Fritz Klein hoped to correct those problems with the Klein Sexual Orientation Grid (KSOG). In his 1987 book The Bisexual Option, Klein detailed a grid that rated sexuality in seven values (sexual attraction, sexual behavior, sexual fantasies, emotional preference, social preference, lifestyle preference, self-identification) over three temporal situations (past, present, ideal). In spite of the ambiguity of Klein’s language—how do you extricate the social implications of “ideal” or the subjectivity of “past,” and what are the implications of the grid itself?—the KSOG portrays sexuality as socially influenced and dynamic and allows for the depiction of fluid sexual identity.

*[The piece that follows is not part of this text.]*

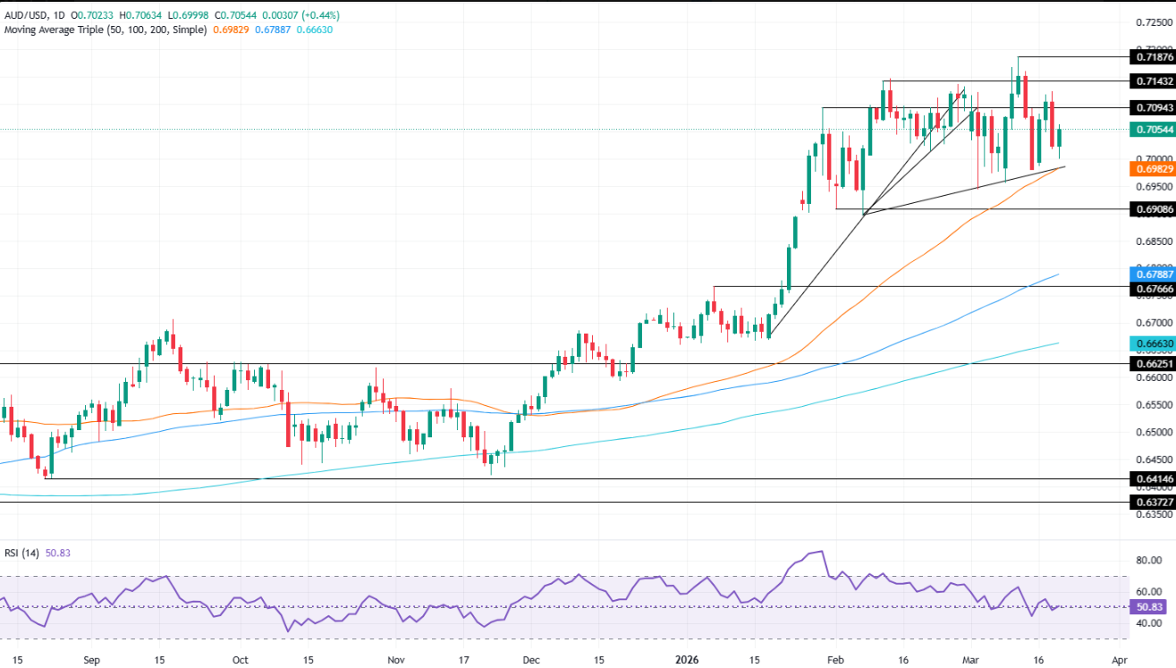 澳元/美元周四因美元(USD)走弱而上涨约0.47%,尽管交易员推迟了美联储(美联储)的降息,而美国原油价格下跌4.21%,这对美元构成阻力。该货币对目前交投于0.7050附近。

Since Kinsey and Klein, the concept of sexuality as a spectrum has permeated psychology and sociology and has even extended into what may be thought of as “hard science.” Janis Walworth and Michele Kammerer, founders of the Center for Gender Sanity, an organization dedicated to helping transgender people plan a successful transition, promote a "Diagram of Sex and Gender" that includes four spectra. “Using the model… is something like using a spectrum of colors to view the world, instead of only black and white,” says Walworth and Kammerer. “It doesn’t fully account for all the complex shadings that exist, but it gives us a richer, more interesting picture.” In addition to the familiar spectrum of sexual orientation (defined as romantic/erotic response), the diagram includes spectra of gender presentation (communication of gender), gender identity (psychological sense of self) and, perhaps surprisingly, biological sex.
Recently, scientists have begun debating whether physical sex coheres to the male-female dichotomy. Chromosomal disorders such as Kleinfelter syndrome (XXY verses XY), Turner syndrome (X versus XX or XY), and androgen insensitivity syndrome (a person who is XY and externally manifests as a physical female) complicate the notion that biological sex is discrete, to say nothing of the minutiae of anatomical genital variation that confuse physical proof of biological sex. Although most people fall very close to the male or female poles, very few people cohere perfectly to their physiological sex, and the variability in the manifestation of biological sex leads some to believe that biological sex is far from cut and dried.
The conflict of Cock is not a choice between sexual orientations. Instead, it is the challenge of navigating through vast variability of human sexual experience. John is being asked (or compelled) to locate himself in the miasma of biology, society, compatibility, and love.